18 h 12 ! On a déjà dépassé les limites de la métropole et ses frontières limitrophes. On roule à grande vitesse et le paysage défile en un ruban multicolore et abstrait. Parfois, à l’approche de certaines agglomérations, il ralentit et je distingue des habitations aux pièces éclairées, ainsi que les silhouettes furtives qui les peuplent. Je me mets alors à imaginer les histoires qu’elles détiennent, la trame qu’elles vivent. Ces personnes sont-elles heureuses ?
Dans la poche intérieure de mon blouson, mon téléphone vibre de nouveau. Je sais que c’est elle. Pour l’instant, je ne pourrais pas, je ne saurais pas trouver les mots justes pour mon départ et ma présence dans ce train. Je sais que je me montre injuste envers elle, elle n’y est pour rien, car tout est de ma faute. Comment pourrais-je lui expliquer que je la quitte alors que je l’aime, que je pars malgré tout cet amour.
Oui, je pourrais la rassurer, lui dire que c’est juste un mauvais moment que je vais revenir. Juste la nécessité de retrouver le fil de mon histoire, tout ce qui nous réunit, elle et moi depuis tout ce temps. J’ai paumé quelque chose, je ne sais pas où, ni quand, et c’est pour cela que je m’éloigne de plus en plus, avec ce train, ce destin, projeté sur cette trajectoire en diagonale.
 
18 h 35, il est temps de dormir un peu.

Tumulte

A peine arrivé, débarqué de mon train, le pied posé sur le quai, je quitte cette gare anonyme de ma ville étape.
Me voilà à présent en plein centre-ville ; ma quête sur l’instant, trouver un hôtel pour me reposer.
Derrière, soudain, des cris, hurlements, un tintamarre assourdissant.
Je fais volte-face, et face à moi un attroupement en marche lancinante.
A quelques mètres, sur le qui-vive, un cordon de police qui canalise et balise sa progression saccadée.
Sur des pancartes en carton et autres supports de tissus, érigés comme autant d’étendards baroques, peints à la bombe noire, des revendications et slogans pour les droits civiques.
Moi qui voulais de l’espace du calme et du temps pour esquisser ma nouvelle destination, me voilà servi, épinglé sur ce point sur la carte, en pleine tourmente.
 
J’éprouve depuis longtemps une certaine défiance pour tous ces groupes syndicalistes et associatifs qui se lancent sans détour, baïonnettes au canon.

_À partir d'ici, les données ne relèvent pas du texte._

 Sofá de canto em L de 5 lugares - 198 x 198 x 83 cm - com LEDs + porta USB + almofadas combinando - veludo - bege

Crier, hurler, vociférer à outrance, renforce-t-il les causes et combats à mener ?
S’exprimer avec calme, mesure, ne serait-il pas plus judicieux ?
L’individu lui-même arrive-t-il à se frayer une place quand il se retrouve submergé par la masse ?
 
Olga mène aussi son combat, sa révolte contre moi, suite à mon départ, mon absence inexplicable.

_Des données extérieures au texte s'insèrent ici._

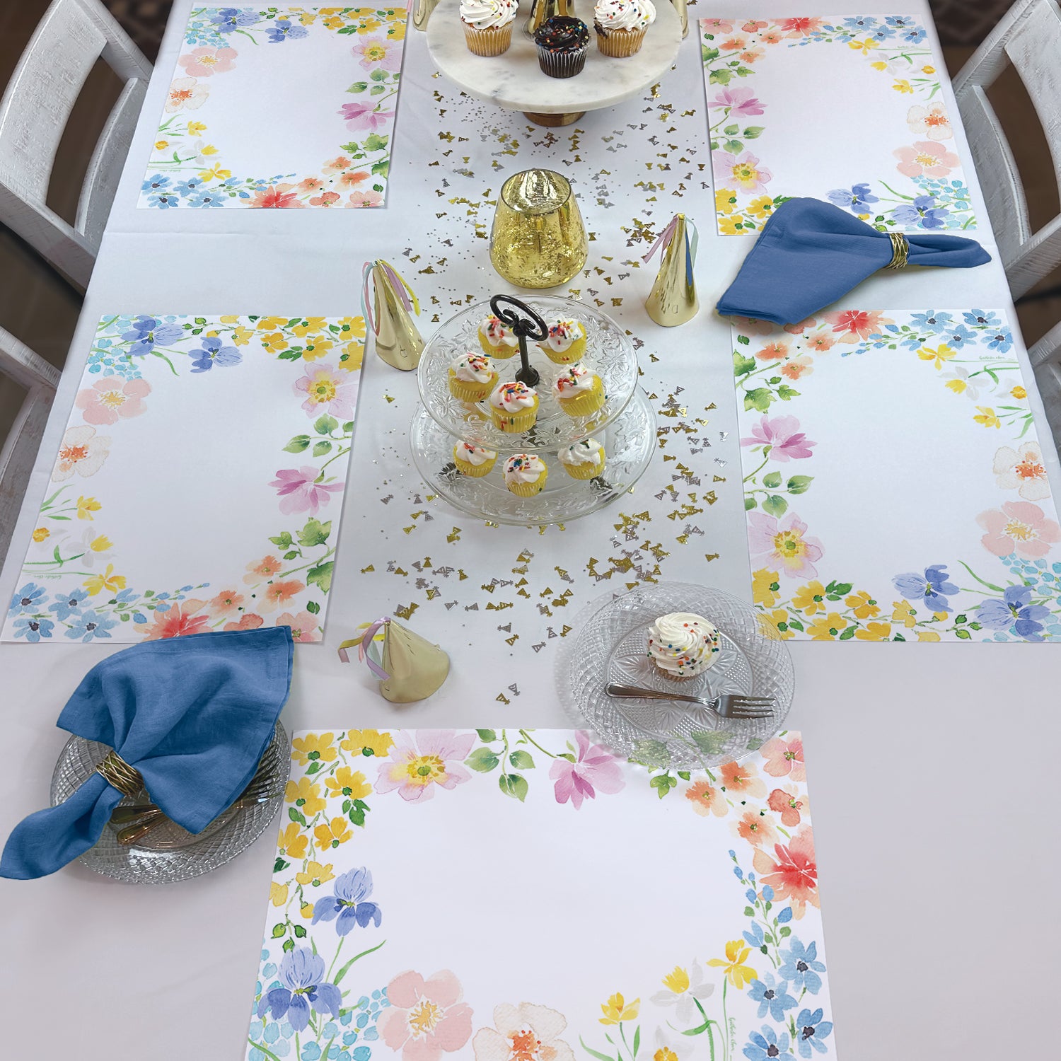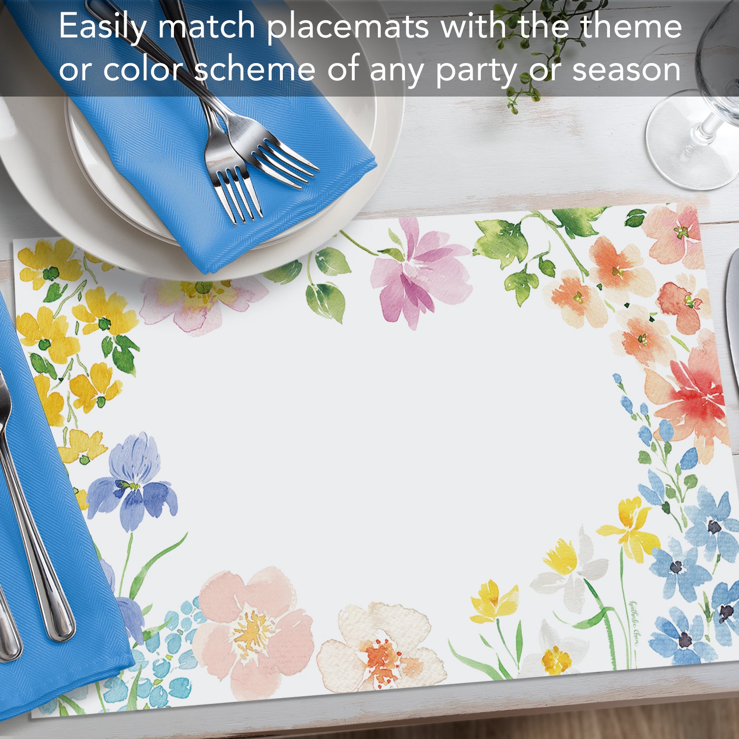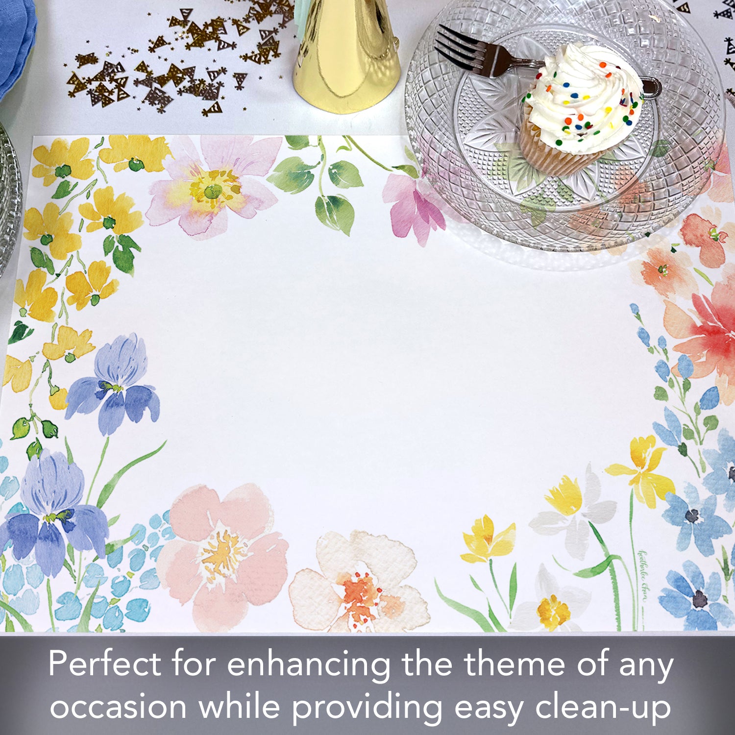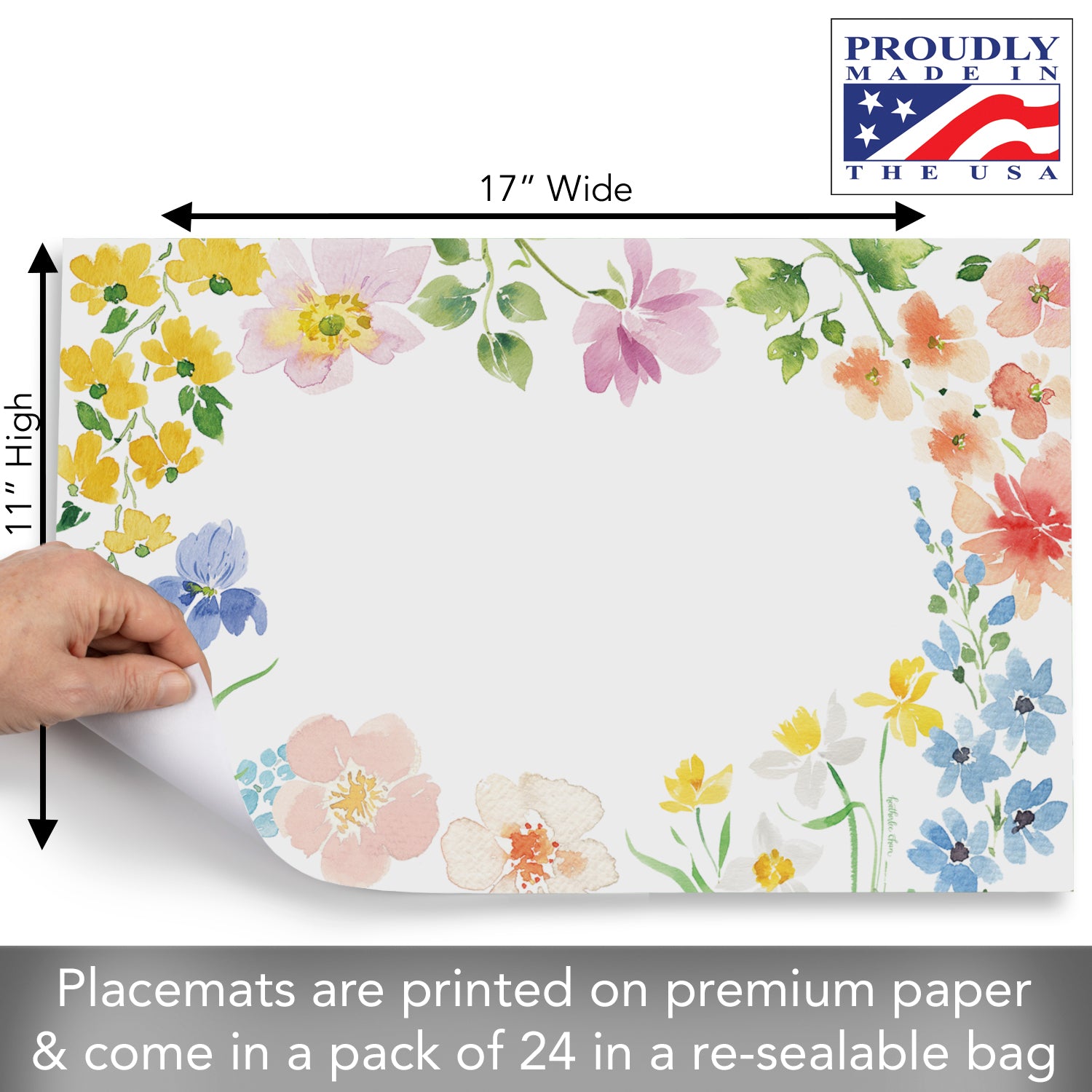 Watercolor Florals 24 Premium Paper Placemats in Resealable Storage Bag Made in the USA 17" x 11"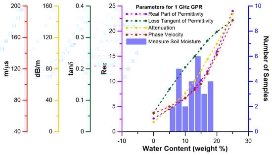During electromagnetic data collection, 26 soil samples, representing the upper 20 cm, where collected and the weight percent moisture content determined in the laboratory by oven drying. The distribution of moisture contents is depicted by the bar graph in Figure 11. The graph also shows the variation in electromagnetic properties at 1 GHz for chernozems with varying moisture content as abstracted from data in []. The effects of moisture content on many of the plotted parameters became pronounced above roughly 15% moisture, suggesting (as is commonly the case) that GPR scanning would be most effective if performed during dry seasons or periods.

« Pourquoi me quitter alors qu’il ne cesse de me dire qu’il tient à moi ?
Dois-je être triste, en furie, et subir l’afflux de mes cris qui se bousculent en moi ? »
 
Ici, près de moi, les esprits s’échauffent, la menace de débordement gronde, donc je fais demi-tour. Vite un train pour reprendre ma révolte solitaire, sans heurts, sans clameurs, juste mon silence.

Effluves

Voilà presque un mois aujourd’hui que j’habite cette petite maison, dans ce petit village au creux de la vallée au cœur des Alpes. Contre mon aide pour l’entretien de sa ferme, Gustave m’offre le gîte et le couvert pour le temps que je veux. Je suis tombé sur lui en faisant du stop sur la nationale. Nous avons sympathisé de suite. Chaque jour qui passe il me raconte sa vie d’aventures aussi incroyables que rocambolesques. Un jour après avoir parcouru le monde, retour au pays et pour reprendre la ferme de ses parents aujourd’hui disparus.

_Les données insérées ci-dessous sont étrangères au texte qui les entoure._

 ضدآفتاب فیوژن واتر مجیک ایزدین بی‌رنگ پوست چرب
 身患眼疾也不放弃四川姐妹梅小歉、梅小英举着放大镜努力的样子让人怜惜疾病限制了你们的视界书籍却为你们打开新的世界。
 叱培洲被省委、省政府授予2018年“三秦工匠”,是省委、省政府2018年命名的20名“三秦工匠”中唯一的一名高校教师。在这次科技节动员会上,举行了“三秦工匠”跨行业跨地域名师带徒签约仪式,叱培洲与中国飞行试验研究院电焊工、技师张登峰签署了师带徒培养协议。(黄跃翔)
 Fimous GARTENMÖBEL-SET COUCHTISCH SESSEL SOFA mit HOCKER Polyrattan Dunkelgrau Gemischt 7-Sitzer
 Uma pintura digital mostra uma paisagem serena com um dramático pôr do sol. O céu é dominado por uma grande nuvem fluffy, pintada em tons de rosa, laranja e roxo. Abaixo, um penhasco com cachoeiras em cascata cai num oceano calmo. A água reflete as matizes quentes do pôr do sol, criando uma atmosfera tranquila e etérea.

Je ne sais pas si je dois y voir le fruit du hasard ou un signe du destin, mais cette rencontre mais je me demande si elle était aussi imprévue que ça. Je trouve en lui mon Jiminy Cricket, ma conscience personnifiée qui trouve réponses à tous mes questionnements. Quand je lui raconte mes questionnements, mes tourments, au lieu de jouer les moralistes, lui il éclate de rire.
Le soir, après le dîner, on s’adonne à notre rituel : on sort dehors sous la pergola, on allume une cigarette, il pose sa bouteille de whisky, sur le petit muret, la libère du bouchon cacheté de cire noire, et verse de ce liquide aux reflets caramel ambré dans deux verres. Au début, la première gorgée cogne un peu le palais mais à partir de la deuxième tout s’adoucit, s’assagit, comme si par magie l’alcool de ce breuvage possédait la vérité du monde, de chacun de nous.
Je ne parle pas d’ivresse mais d’évasion. Et Gustave, emporté par son bien être nocturne, me gratifie de nouveau d’un pan incroyable de son existence. Finalement cette flasque de verre, son contenu couleur cuir, devient un vaisseau immatériel pour partir à l’espace et le temps.
 
Quand je regagne mon lit souvent l’aube arrive. Le soleil annonce sa venue en colorant petit à petit les crêtes des montagnes alentours.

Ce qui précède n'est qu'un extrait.